/characterize-pruning

Characterization study repository for pruning, a popular way to compress a DL model. this repo also investigates optimal sparse tensor layouts for pruned nets

Primary LanguagePython

Pruning Experimentation

This repo is an archive for experiments exploring model pruning. One of the common ways of compressing AI models. This README is also available as HTML document in README.html

Project Dependencies

If using poetry, the dependencies and respective versions are stated in pyproject.toml. For pip, see requirements.txt.

# If using poetry
poetry install

# If using pip
pip install -r requirements.txt

Training Base Model

Execute this script to train a base (unpruned) model:

python3 train.py --dataset Flowers102 --model mobilenet_v3_small --epochs 8 --batch-size 8 --save-as full --save-path ./models/mobilenet_v3_small-Flowers102-1.pth

Numerous options are available to control for the training process:

  • --dataset: Which dataset to use, currently only Flowers102 is supported.
  • --model: Which CNN or Transformer-based model to train. See config.py for examples of how to refer to the model to use. Currently 7 models are supported:
    Model Nameargument
    MobileNetV3Smallmobilenet_v3_small
    MobileNetV3Largemobilenet_v3_large
    EfficientNetB1efficientnet_b1
    EfficientNetB3efficientnet_b3
    DenseNet169densenet169
    DenseNet201densenet201
    ViT B16vit_b_16
  • --epochs: How many epochs are the network is trained for. Defaults to 32.
  • --batch-size: How many images in one batch. Used to split the train and test set.
  • --save-as: The torch.save() configuration to use. Options are state-dict, or full. State-dict will save the weights, whereas full will save the whole model
  • --save-path: Where to save the trained model.

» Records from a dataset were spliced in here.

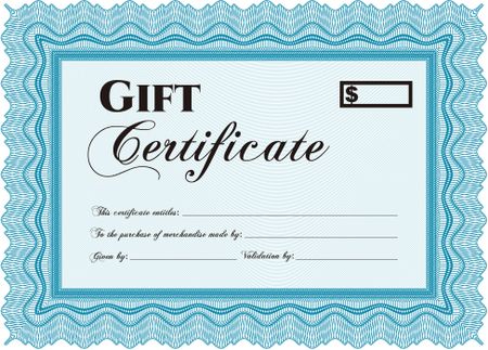 Formal Gift Certificate template. Good design. Printer friendly. Border, frame.
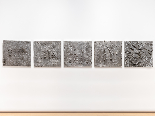The basement of the gallery, for example, creates a dialogue between rare reliefs of tools from 1967, never exhibited before, with a series of pencil drawings made since the pandemic. Both realistic and poignantly intimate, they portray the artist as an old man, lucid yet youthful.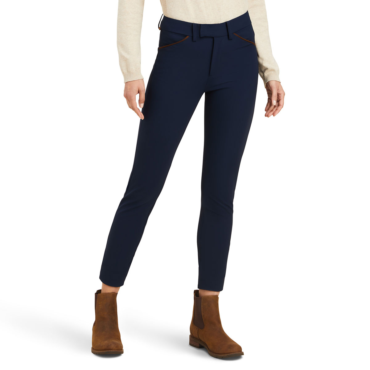 A beautiful design that blends equestrian styling with a casual look seamlessly. With traditional breech-like detailing, these midweight stretch-knit trousers look superb while ensuring high levels of comfort throughout wear.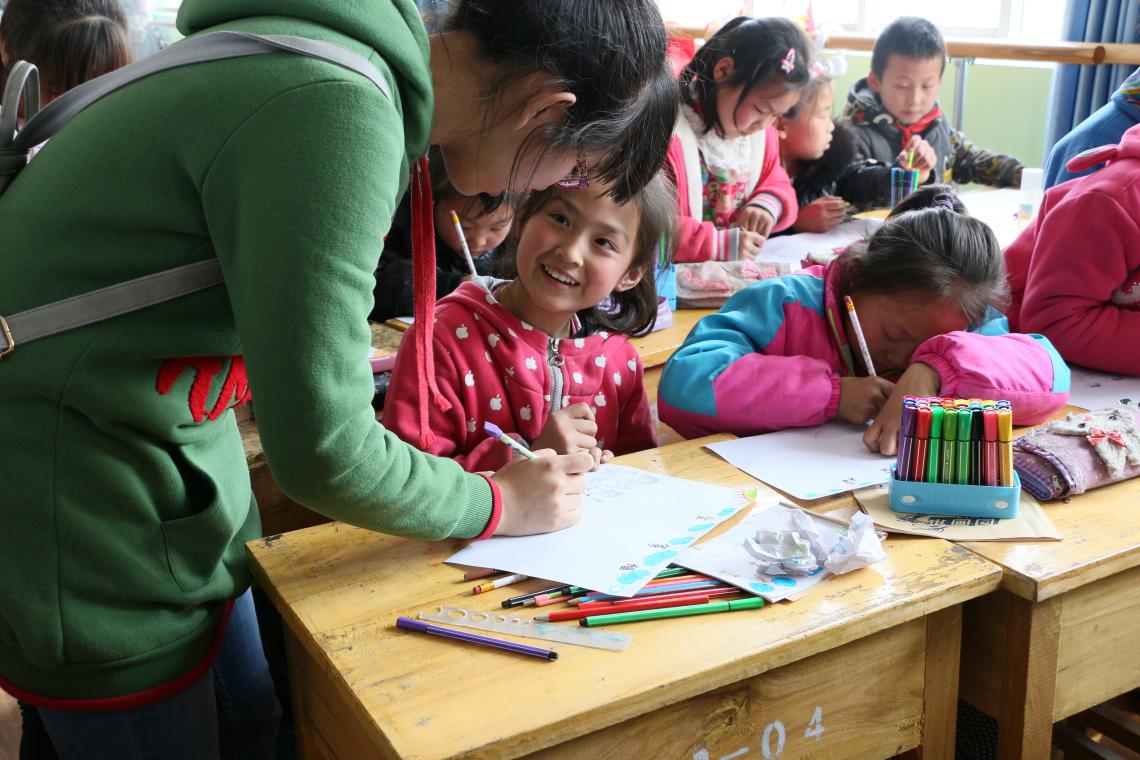 接下來的互動環(huán)節(jié),志愿者們將自己的美術(shù)作品和手工藝作品進(jìn)行了展覽,并協(xié)助小朋友們完成全家福的創(chuàng)作和手工藝品的制作。畫一幅全家福,讓他們感受到家的溫暖,疊一只小船載著“他們”的未來揚(yáng)帆遠(yuǎn)航,疊一顆“紅心”為他們送去最真摯的祝福,愿他們茁壯成長。最后由四壩中學(xué)張校長為表現(xiàn)突出的小朋友頒發(fā)了紀(jì)念品,這一環(huán)節(jié)不僅激發(fā)了小朋友們學(xué)習(xí)繪畫和手工藝品的興趣,而且提高了小朋友的動手能力,交流能力,同時提高了志愿者的服務(wù)能力。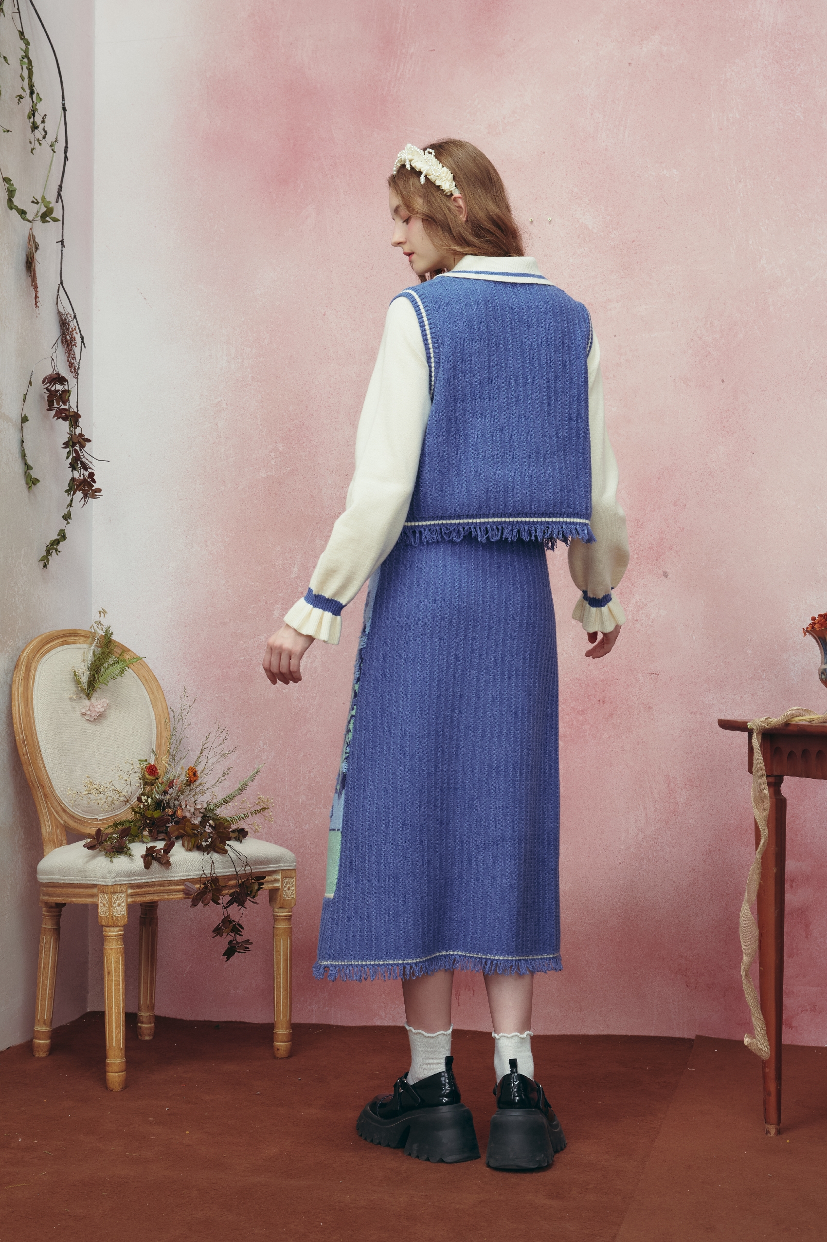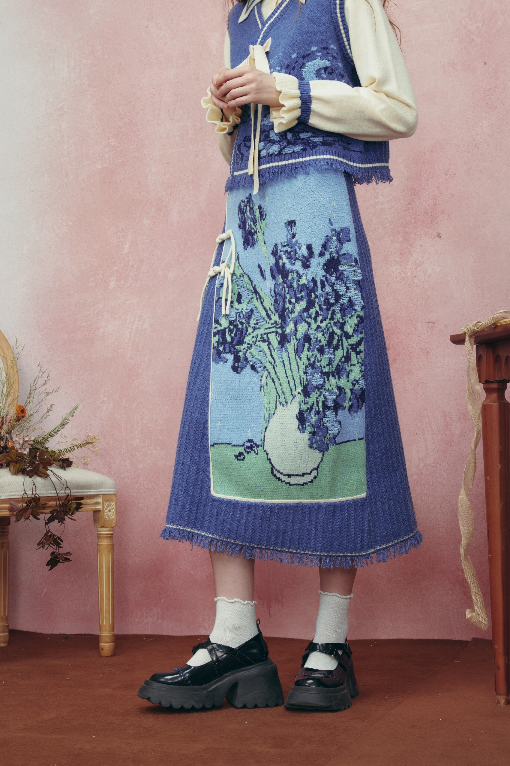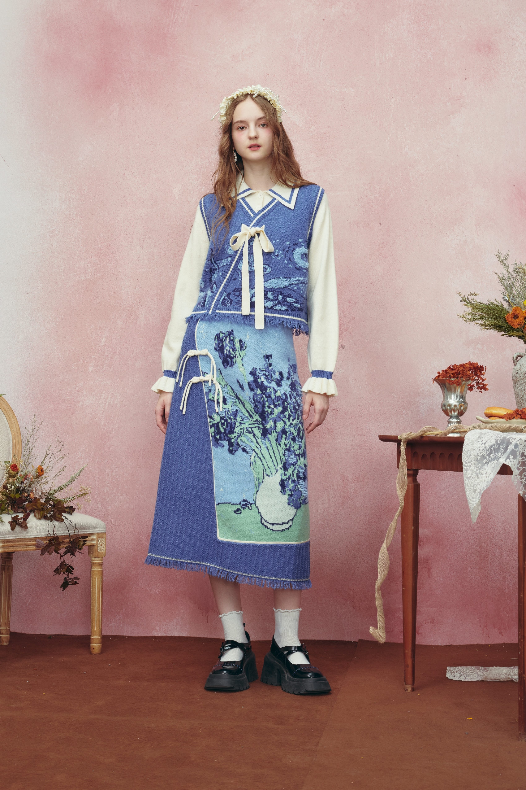 반 고흐에서 영감을 받은 슬림핏 니트 투피스 세트

Bash script (available as train.sh) is available for automation, the above configurable option is editable inside the bash script, below is an example on how to execute the bash script in the background:

chmod +x ./train.sh
nohup ./train.sh &

Pruning

To prune, execute the following:

python3 prune.py --path models/mobilenet_v3_small-Flowers102-1.pth --layer-kind Complete --pruning-method L1Unstructured --amount 0.8 --global-unstructured --check-percentage

The arguments for this script is as follows:

  • --path: Location of the .pth file containing the full model to prune.
  • --layer-kind: What layers to prune, available options are Linear, Conv2d, or Complete (selecting both Linear and Conv2d).
  • --pruning-method: Which pruning method to use. Currently two are supported: RandomUnstructured, L1Unstructured.
  • --amount: How much of the model is going to be pruned. Setting this to 0.5 is equivalent to pruning to 50%.
  • --global-unstructured: Set this flag to utilize global unstructured pruning. ALWAYS ENABLE THIS FLAG FOR NOW!
  • --check-percentage: Set this flag to see exact numbers of parameters being pruned in each layer.

Characterization

Latency

To benchmark latency, first, download the following Bromelia and place the contents (files called image_..) inside the inference/ directory. the command to run is:

python3 -m benchmark.lat-check --model efficientnet_b1 --path ./models/efficientnet_b1-Flowers102-1.pth

Arguments:

  • --model: Which model is being tested for latency. This argument is used to select the appropriate preprocessing pipeline to use for the training and test set.
  • --path: Path to the .pth file of the model to test.

Accuracy

To benchmark accuracy, execute the following script:

python3 -m benchmark.acc-check --model mobilenet_v3_small --dataset Flowers102 --batch-size 8 --path ./models/mobilenet_v3_small-Flowers102-1.pth

Arguments:

  • --model: Which model is being tested for accuracy. This argument is used to select the appropriate preprocessing pipeline to use for the training and test set.
  • --dataset: Which dataset to use.
  • --batch-size: How many images per batch.
  • --path: Path to the .pth file of the model to test.